This story first appeared in the SERC quarterly Newsletter Spring 2007

Sun Bleaching the Marshes

In the marshy tributaries of the Chesapeake Bay colored dissolved organic material, such as the tannin from fallen leaves is a major reservoir of organic carbon. CDOM, as it’s called, plays a central role in aquatic ecosystems, affecting carbon budgets, nutrient availability and ecosystem productivity. As such an influential component of the system, it’s a major focus of researchers in the Photobiology lab.

A recent paper by Maria Tzortziou, Patrick Neale and Chris Osburn published in Photochemistry and Photobiology examines how exposure to sunlight changes the properties of colored dissolved organic matter (CDOM) in the waters of the Chesapeake Bay.

CDOM absorbs sunlight in the visible and UV spectral regions, preventing the sun’s rays from reaching the plants and animals below. That can be a good thing, because it absorbs a lot of the harmful UVB radiation and acts as a natural sunscreen for marine organisms. Under certain conditions, solar radiation can change the chemical composition of CDOM and affect its optical properties, something the scientists call photo-degradation and photo-bleaching.

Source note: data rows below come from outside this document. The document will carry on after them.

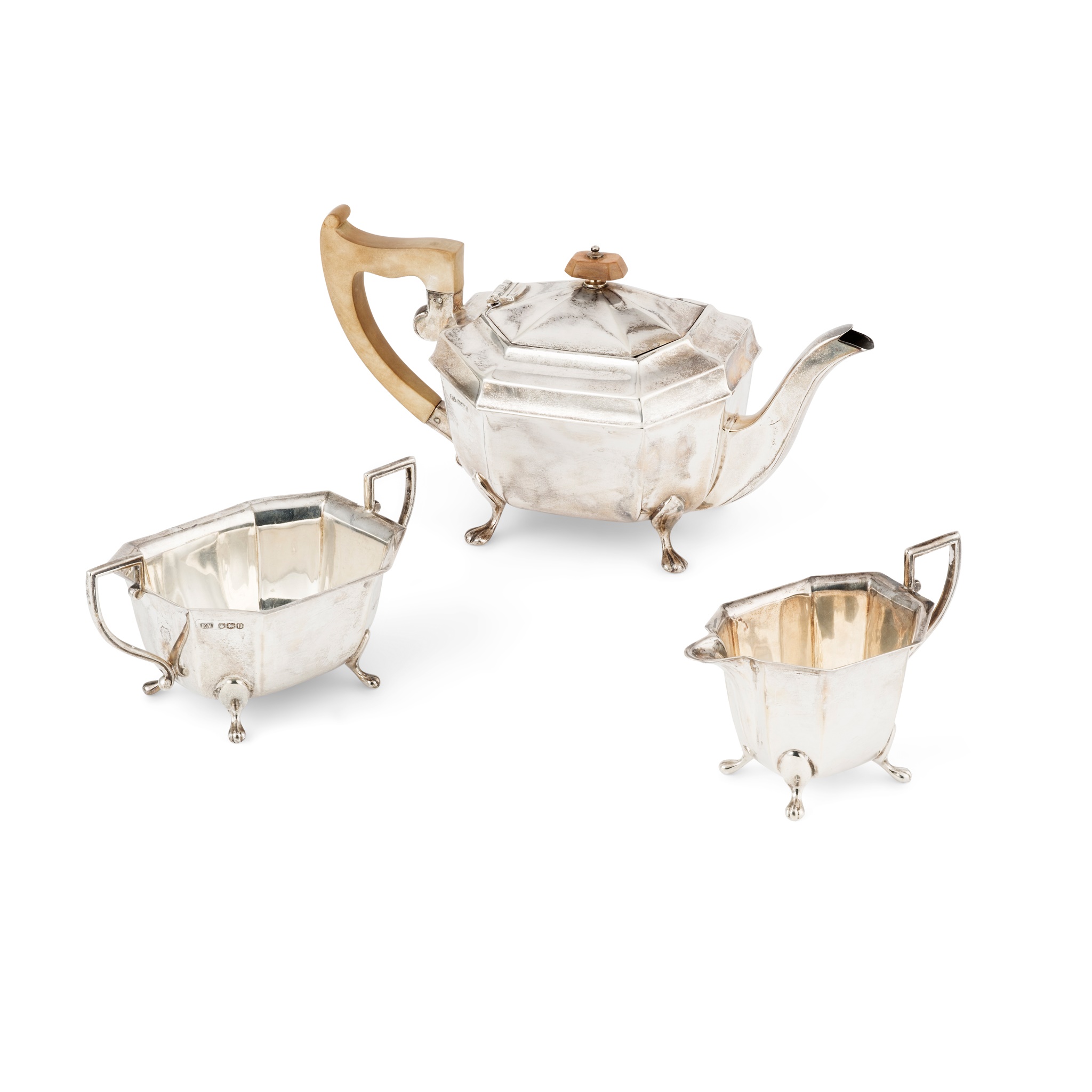 Viner's Ltd, Sheffield 1937, comprising a teapot, twin-handled sugar basin and a milk jug, all of octagonal outline, with angular handles, each raised on four paw feet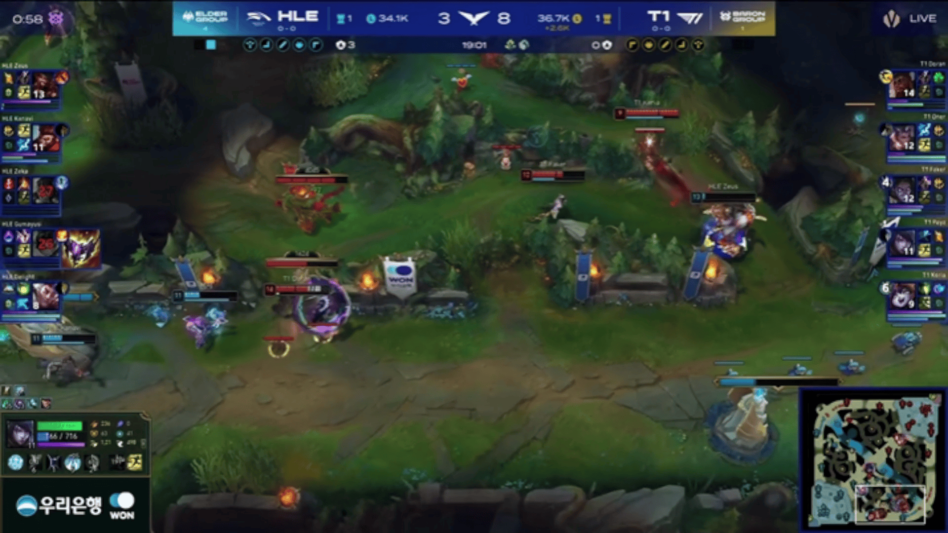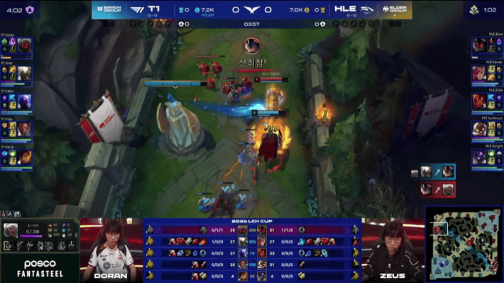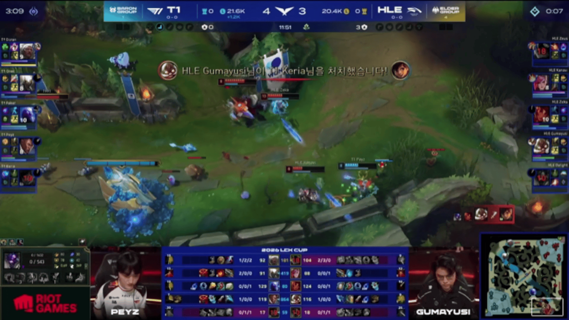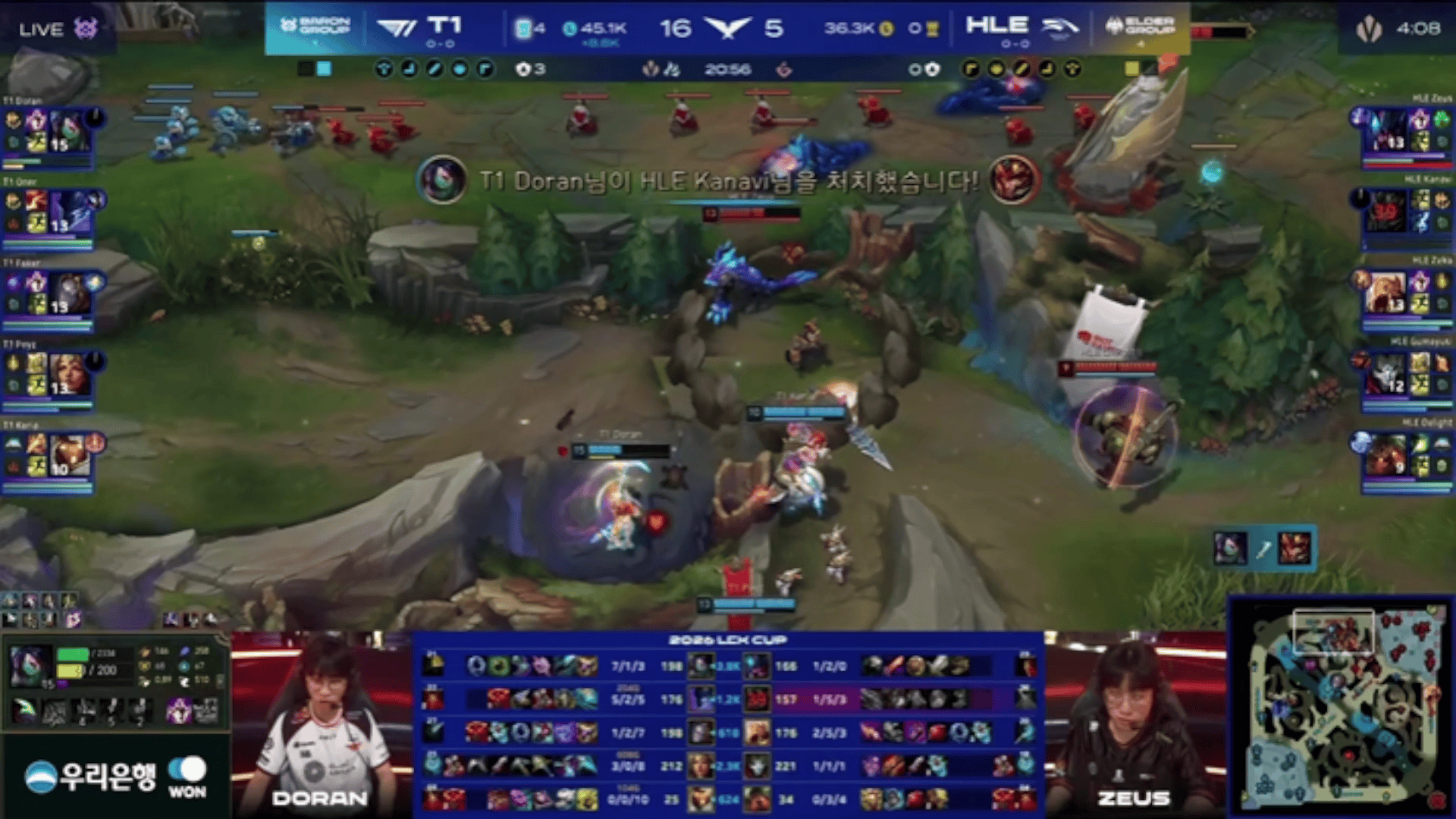 LCK:Doran奎桑提单吃Guma,T1追击得手1换4大胜HLE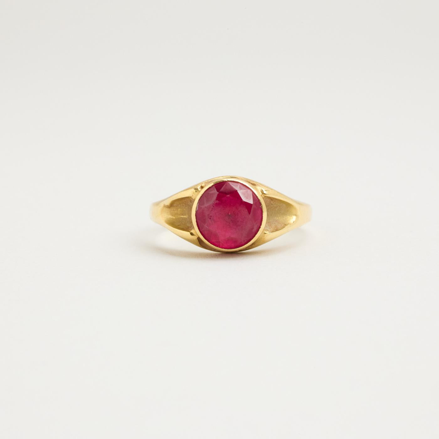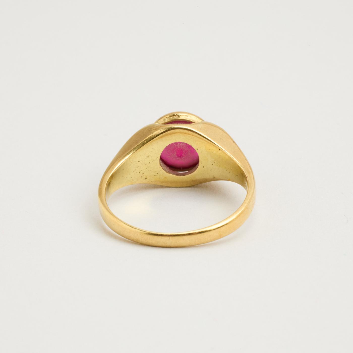 Modell: Uttalelse ring i 14 karat med en syntetisk rubin str. 53
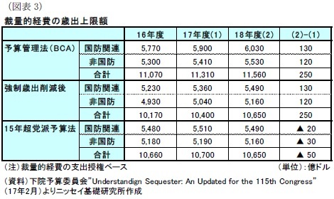 15年超党派予算法(Bipartisan Budget Act of 2015)では、16年度と17年度の歳出上限額を強制歳出削減で規定される金額より引き上げており、17年度の引き上げ幅は、国防関連および、非国防についてそれぞれ、150億ドルずつ、合計で300億ドルとなっていた。同法は、17年度で切れるため、18年度の歳出上限額は強制歳出削減が適用され、国防関連が5,490億ドル(前年度比▲20億ドル)、非国防が5,160億ドル(同▲30億ドル)となり、合計の歳出上限額は、今回トランプ大統領が提示した10,650億ドルとなる(図表3)。
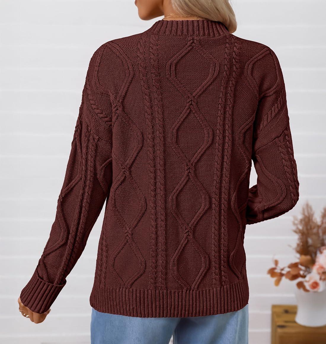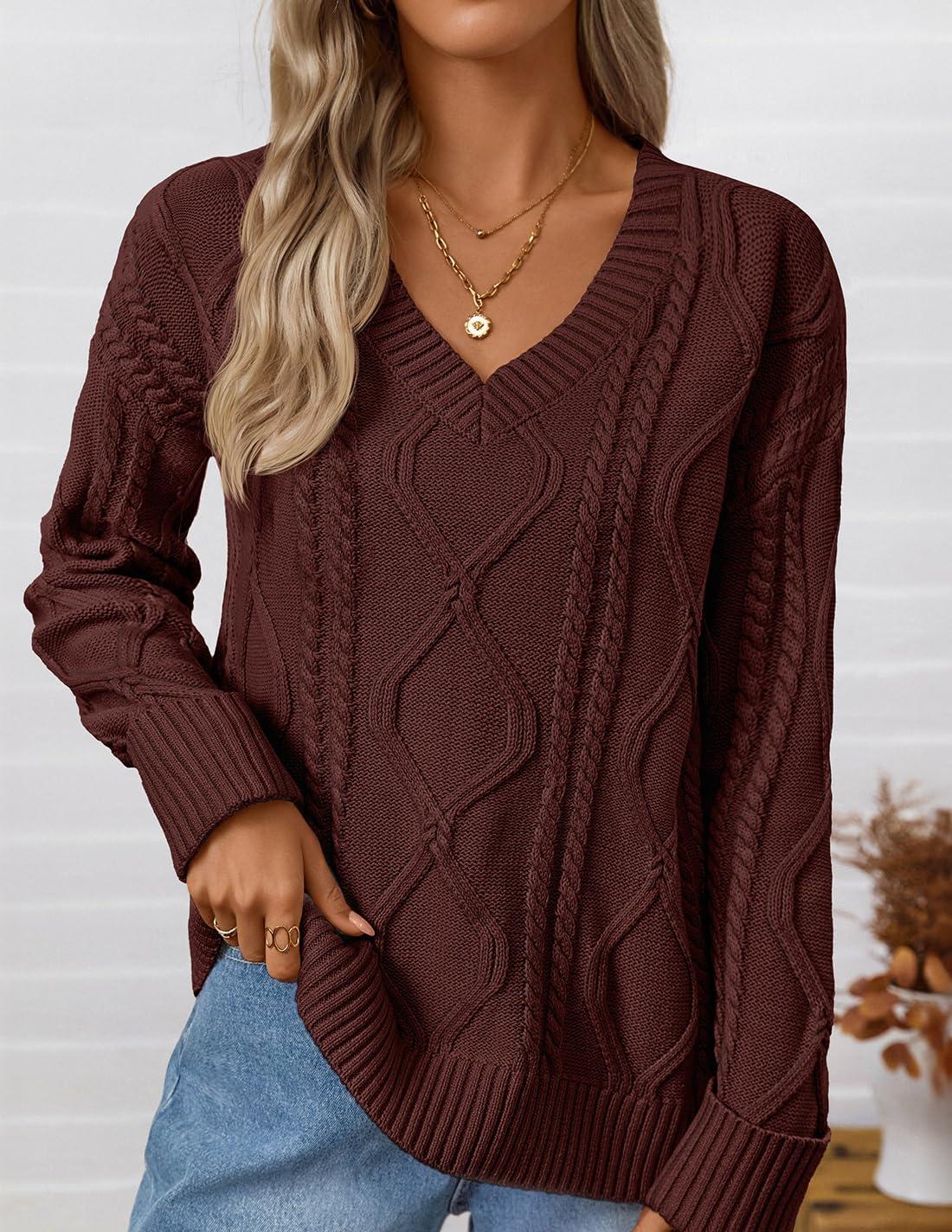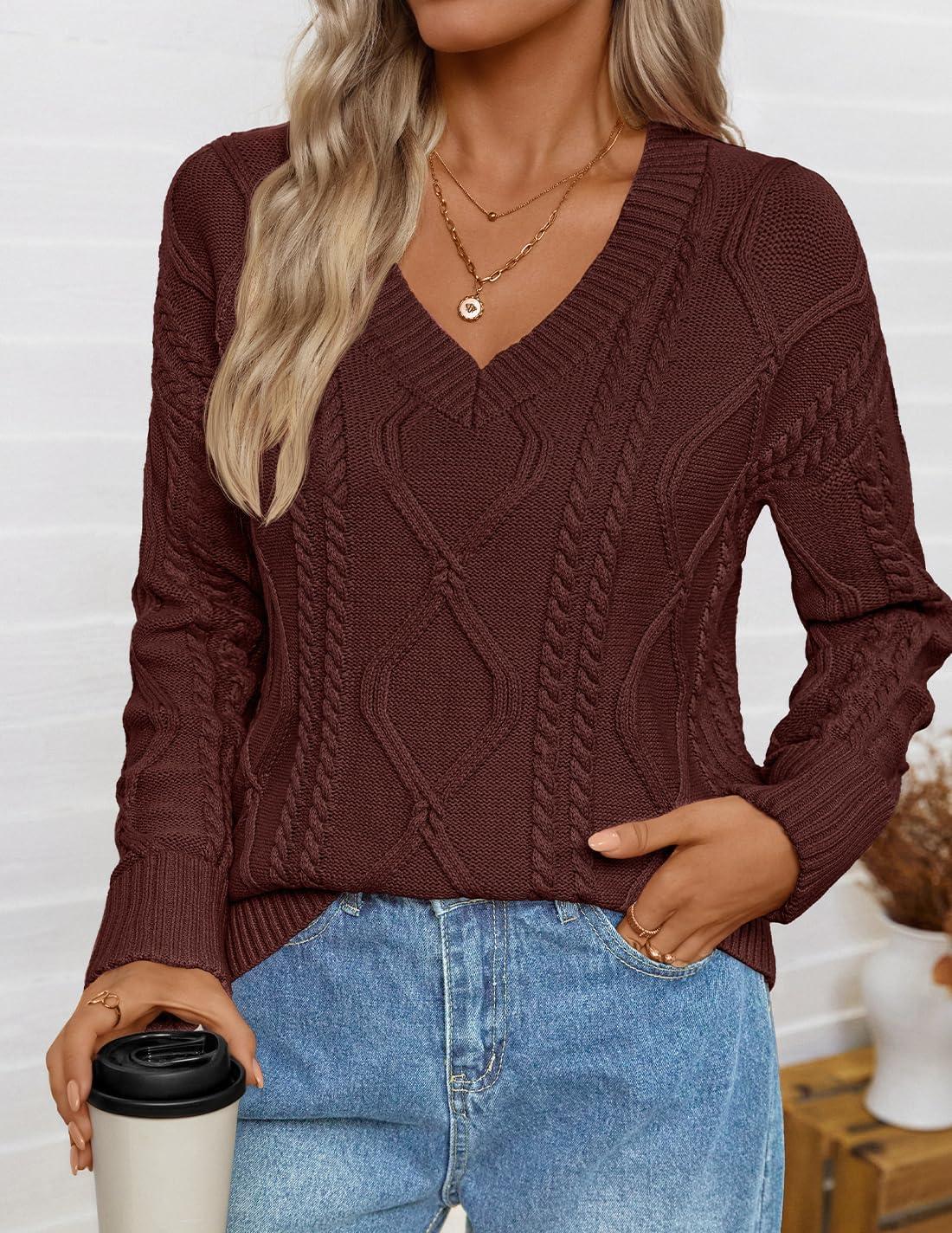 ZESICA Women’s Fall Oversized Sweaters 2025 Casual Long Sleeve V Neck Cable Knit Trendy Pullover Tops(Brown)

These chemical alterations can result in the release of important trace gases such as Carbon monoxide, carbon dioxide and others. Photo-degradation can also transform CDOM into unstable forms of carbon carbonyl compounds that are readily available for consumption by microbial communities. This in turn affects microbial activity in the water and the cycling of carbon in coastal ecosystems.

The new study shows how CDOM samples from different sources in the Rhode River (marshes, watershed, mouth to the Chesapeake Bay) differ in their susceptibility to photochemical degradation.

According to Tzortziou, this work clears up some previous confusion about CDOM photo-bleaching and describes a new and relatively simple model for predicting the effects of solar exposure on CDOM.

“A model like this is needed for modeling water quality in the Chesapeake Bay and understanding carbon cycling/degradation in coastal waters,” she said.